Reputation: 247
I am trying to generate a dataframe out of a dataset which is in text format. The text file is in the following format
product/productId: B000JVER7W
product/title: Mobile Action MA730 Handset Manager - Bluetooth Data Suite
product/price: unknown
review/userId: A1RXYH9ROBAKEZ
review/profileName: A. Igoe
review/helpfulness: 0/0
review/score: 1.0
review/time: 1233360000
review/summary: Don't buy!
review/text: First of all, the company took my money and sent me an email telling me the product was shipped. A week and a half later I received another email telling me that they are sorry, but they don't actually have any of these items, and if I received an email telling me it has shipped, it was a mistake.When I finally got my money back, I went through another company to buy the product and it won't work with my phone, even though it depicts that it will. I have sent numerous emails to the company - I can't actually find a phone number on their website - and I still have not gotten any kind of response.
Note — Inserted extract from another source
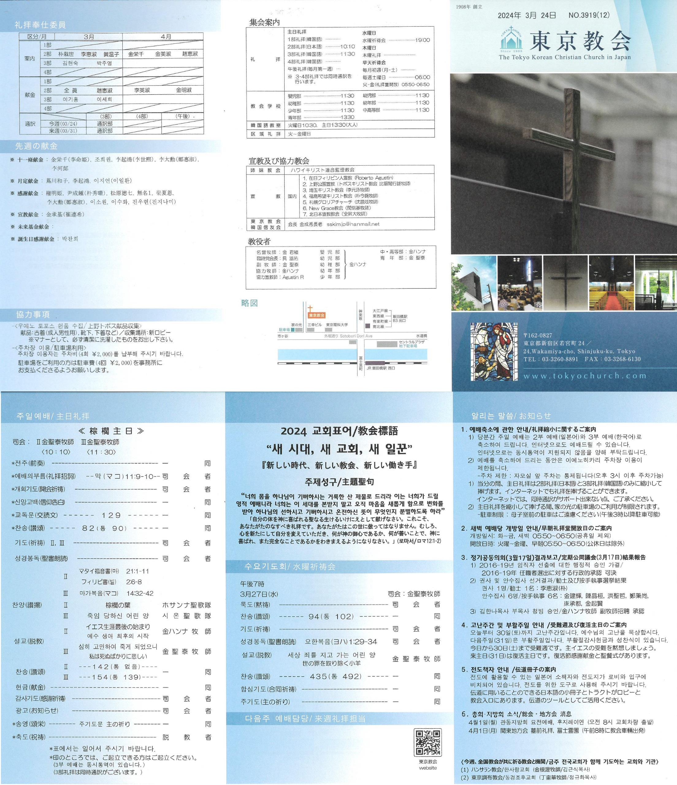 1) 당분간 주일 예배는 2부 예배(일본어)와 3부 예배(한국어)로 축소하여 드립니다. 인터넷으로도 예배드릴 수 있습니다. 인터넷으로는 동시통역이 지원되지 않음을 양해 부탁드립니다.

What kind of customer service is that? No one will help me with this problem. My advice - don't waste your money!
product/productId: B000JVER7W
product/title: Mobile Action MA730 Handset Manager - Bluetooth Data Suite
product/price: unknown
review/userId: A7L6E1KSJTAJ6
review/profileName: Steven Martz
review/helpfulness: 0/0
review/score: 5.0
review/time: 1191456000
review/summary: Mobile Action Bluetooth Mobile Phone Tool Software MA-730
review/text: Great product- tried others and this is a ten compared to them. Real easy to use and sync's easily. Definite recommended buy to transfer data to and from your Cell.
So I need to generate a dataframe that has all ProductID, Title, Price etc.. as column titles and the corresponding data in each record.
So the final dataframe which I want is
ID Title Price UserID ProfileName Helpfulness Score Time summary
B000JVER7W Mobile Action MA730 unknown A1RXYH9ROBAKEZ A. Igoe 0/0 1.0 1233360000 Don'tbuy!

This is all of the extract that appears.